# Can Hedgehogs live in large dog crates?



## Hamilton Trash (Sep 2, 2018)

I currently do not own a hedgehog but am looking into getting one in the future. I was wondering, is a large dog crate with small bar spacing a suitable home for a hedgehog? If so, which dog crates would you recommend? Are there any modifications that have to be done to prevent escape?


----------



## noushka05 (Mar 28, 2008)

No a dog cage is not at all suitable, they need to be in a very large tank type cage like a large zoo zone. Please do lots of research, these little creatures have very specific requirements, they are a massive commitment. Find a reputable breeder or better still a good rescue and seek advice.

There is some information on these links.http://www.crittery.co.uk/index.php/aph-env

*Housing*
Your African Pygmy Hedgehog needs a minimum of 3ft x 1.5ft x 1.5ft and they should be kept alone. Barred cages are not recommended due to the risk of your hedgehog injuring itself whilst attempting to climb the bars.
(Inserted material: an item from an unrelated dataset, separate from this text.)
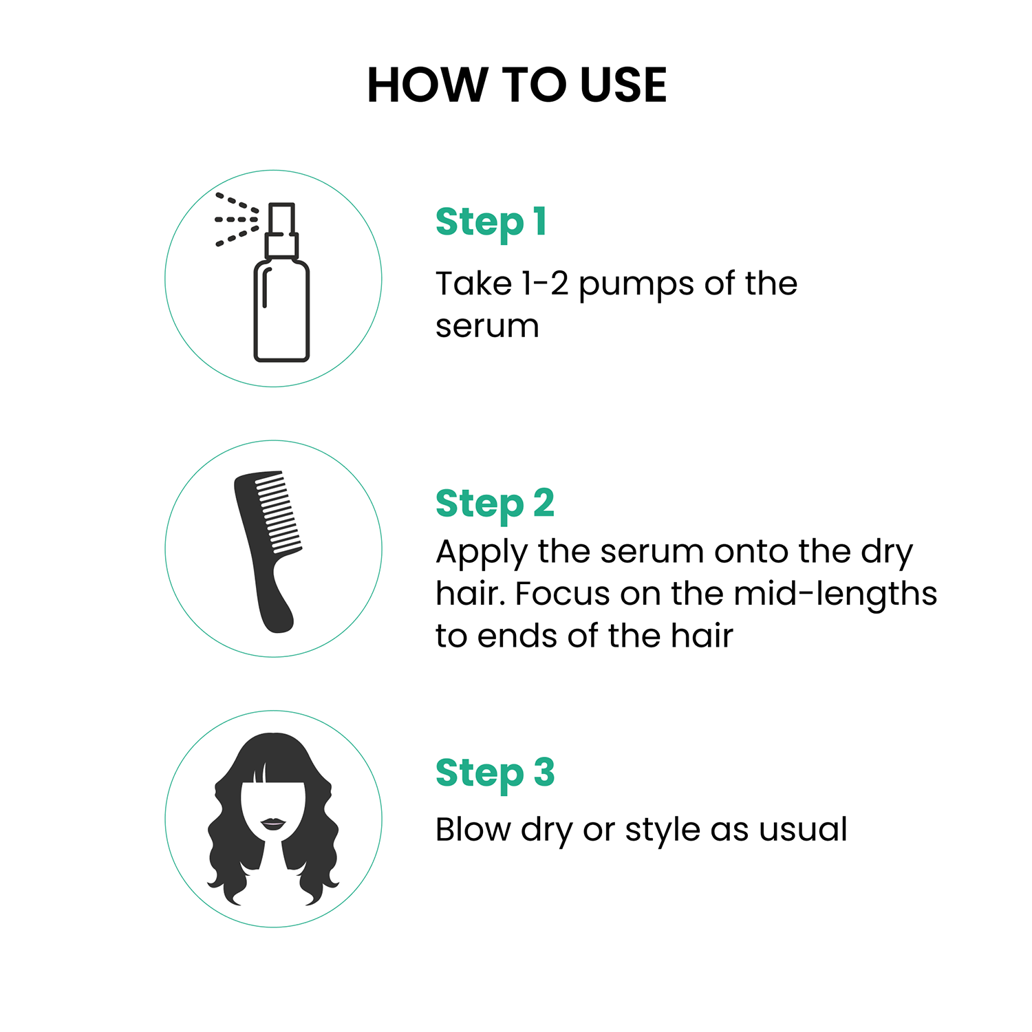 How to Use:Take 1-2 pumps of the serum in your palms. Apply the serum to dry hair, focusing on the lengths and ends. Blow dry or style your hair as usual.

*Zoozone 2* cages are easy to clean and provide good ventilation. They cannot be stacked however, it is trickier to attach a permanent source of heating to and they do not look as attractive as a vivarium. They are not high enough to fit a Carolina Storm Wheel or Silent Spinner. It is important to note this is the larger sized Zoozone, as the Zoozone1 is not big enough to provide a permanent home for an African Pygmy Hedgehog.

*Vivariums* are more attractive housing, but do not provide enough ventilation. They can however be modified with additional, large vents or by replacing the glass with meshed doors. They can be stacked, and are easier to provide a heat source within.
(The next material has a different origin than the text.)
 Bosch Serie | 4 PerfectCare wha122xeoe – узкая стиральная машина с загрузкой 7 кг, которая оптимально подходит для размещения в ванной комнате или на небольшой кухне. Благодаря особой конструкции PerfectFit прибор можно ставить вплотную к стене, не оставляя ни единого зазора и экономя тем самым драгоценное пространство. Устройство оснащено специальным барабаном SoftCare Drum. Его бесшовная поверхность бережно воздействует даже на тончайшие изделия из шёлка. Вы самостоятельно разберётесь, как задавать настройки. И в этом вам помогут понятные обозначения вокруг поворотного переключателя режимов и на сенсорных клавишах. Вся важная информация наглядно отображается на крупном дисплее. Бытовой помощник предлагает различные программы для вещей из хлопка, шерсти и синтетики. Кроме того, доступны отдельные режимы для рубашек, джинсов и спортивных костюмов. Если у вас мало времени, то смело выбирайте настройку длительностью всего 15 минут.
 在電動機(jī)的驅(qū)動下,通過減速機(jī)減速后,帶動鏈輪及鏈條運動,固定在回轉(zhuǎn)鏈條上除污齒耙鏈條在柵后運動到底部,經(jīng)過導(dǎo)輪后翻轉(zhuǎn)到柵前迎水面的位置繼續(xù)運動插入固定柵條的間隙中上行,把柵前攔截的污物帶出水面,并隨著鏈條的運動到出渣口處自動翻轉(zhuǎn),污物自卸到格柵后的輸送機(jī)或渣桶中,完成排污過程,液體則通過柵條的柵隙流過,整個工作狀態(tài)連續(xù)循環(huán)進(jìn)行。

http://www.hedgehog-rescue.org.uk/documents/pygmy_hog_care.pdf
*
Size of enclosure.* Any Hedgehog species requires room, and to be working within the Welfare Act, any animal must be able to display its natural behavior patterns. This cannot be achieved within the confines of their enclosure only. Hedgehogs and Tenrec species need to explore and forage, this means they must have time out of the enclosure each evening and should be placed in a hog-proof room where they can run and explore in a supervised manner. Even at this time two males or a male and female should never be in the same room at the same time. Please take into consideration here that hedgehogs poop while running, they cannot help it, it is what comes natural to them so a room with a nice carpet for example would probably make a poor choice for out-of-cage time, not to mention the pee that would be soaked into it.


----------



## simplysardonic (Sep 1, 2009)

I don't have hedgies myself but we keep them at work & they need a LOT of floor space, more than even the largest dog crate could provide.

Please look at the really good links @noushka05 has provided & think carefully if you can offer what an APH needs.


----------